- Developer: MedCalc Software
- Stable release: 22.001 / May 12, 2023; 3 years ago
- Operating system: Windows
- Type: Statistical analysis
- License: proprietary
- Website: www.medcalc.org

= MedCalc =

MedCalc is a statistical software package designed for the biomedical sciences. The first version of MedCalc, for MS-DOS, was released in April 1993, then a Windows version in November 1996.

It has an integrated spreadsheet for data input and can import files in several formats (Excel, SPSS, CSV).
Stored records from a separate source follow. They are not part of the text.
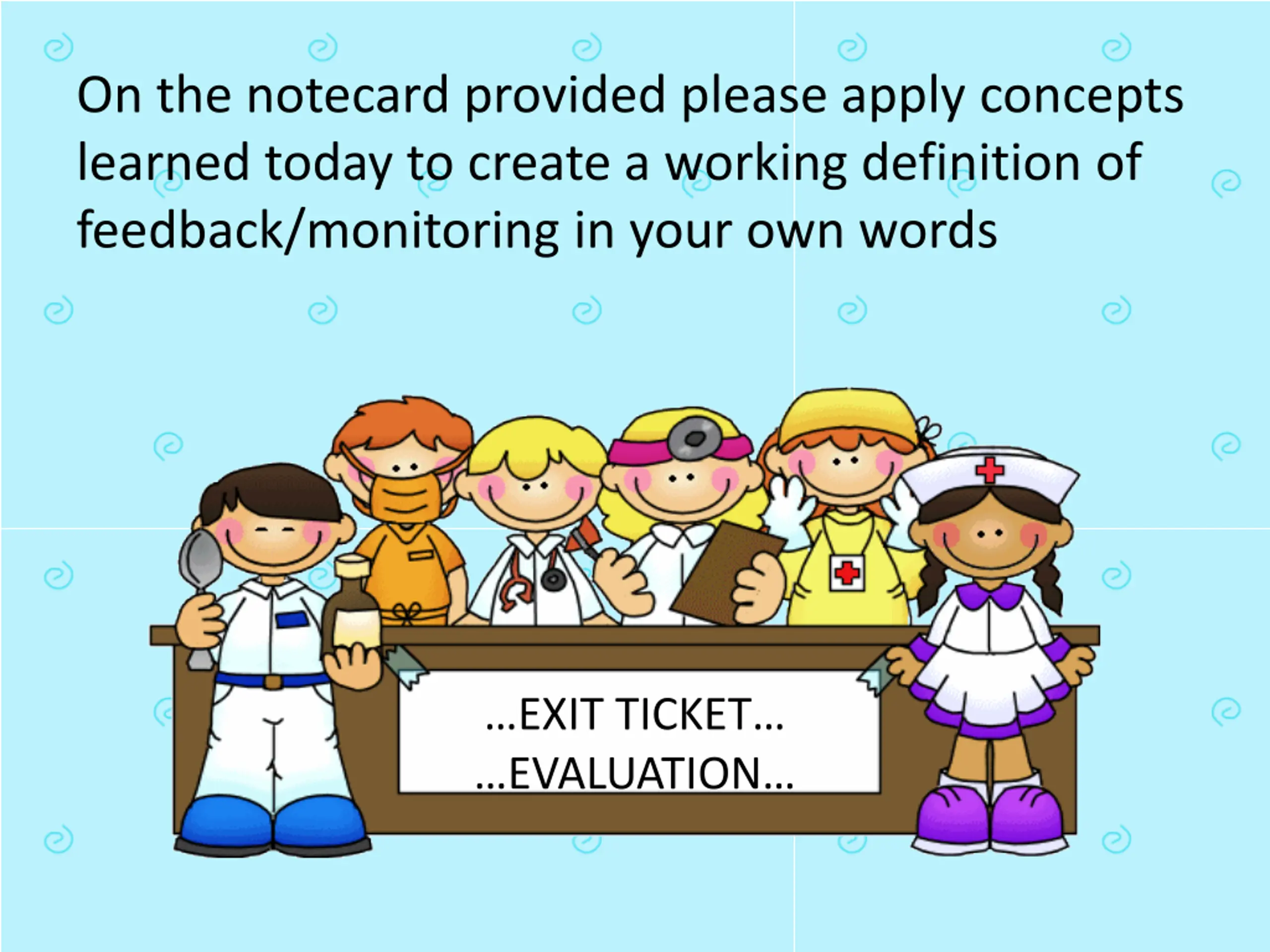 On the notecard provided please apply concepts learned today to create a working definition of feedback/monitoring in your own words EXIT TICKET EVALUATION
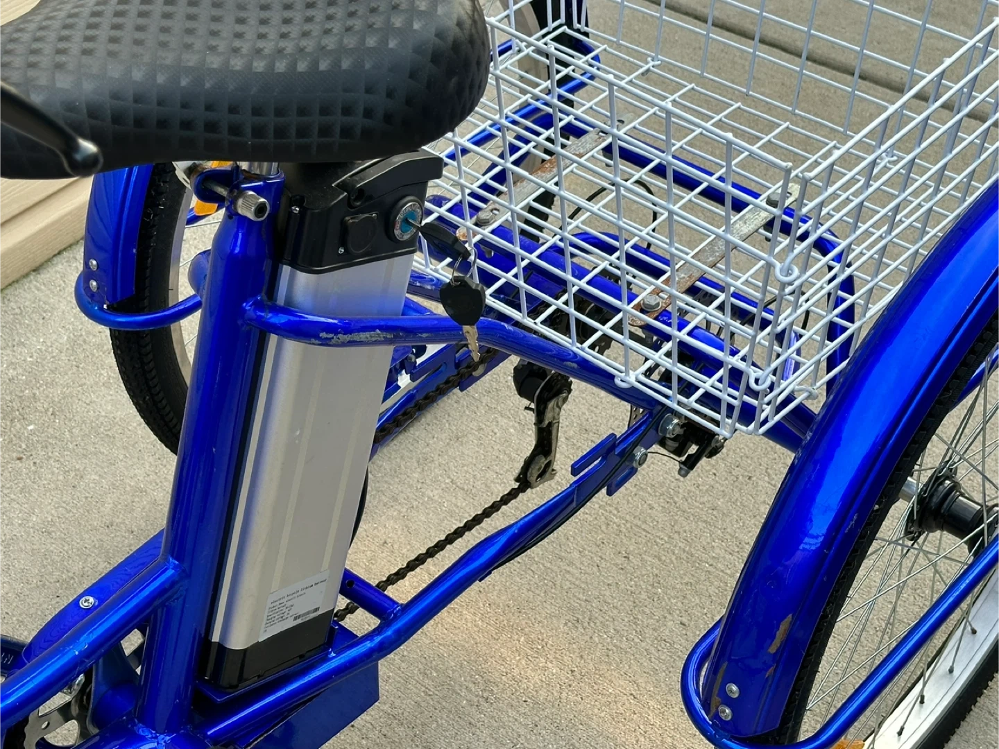Blue Electric Tricycle with Basket
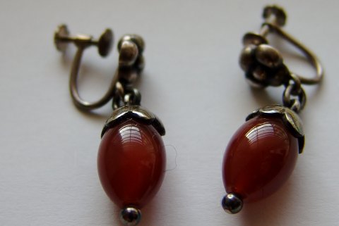 Par Georg Jensen Sterling Sølv Øreskruer med Sten No 4. Måler 3,6cm og er i perfekt stand.

MedCalc includes basic parametric and non-parametric statistical procedures and graphs such as descriptive statistics, ANOVA, Mann–Whitney test, Wilcoxon test, χ^{2} test, correlation, linear as well as non-linear regression, logistic regression, and multivariate statistics.

Survival analysis includes Cox regression (Proportional hazards model) and Kaplan–Meier survival analysis.

Procedures for method evaluation and method comparison include ROC curve analysis, Bland–Altman plot, as well as Deming and Passing–Bablok regression.

The software also includes reference interval estimation, meta-analysis and sample size calculations.

Version 15.2 introduced a user-interface in English, Chinese (simplified and traditional), French, German, Italian, Japanese, Korean, Polish, Portuguese (Brazilian), Russian and Spanish.

== Reviews ==
- Stephan C, Wesseling S, Schink T, Jung K. “Comparison of eight computer programs for receiver-operating characteristic analysis.” Clinical Chemistry 2003;49:433-439.
- Lukic IK. “MedCalc Version 7.0.0.2. Software Review.” Croatian Medical Journal 2003;44:120-121.
- Garber C. “MedCalc Software for Statistics in Medicine. Software review.” Clinical Chemistry, 1998;44:1370.
- Petrovecki M. “MedCalc for Windows. Software Review.” Croatian Medical Journal, 1997;38:178.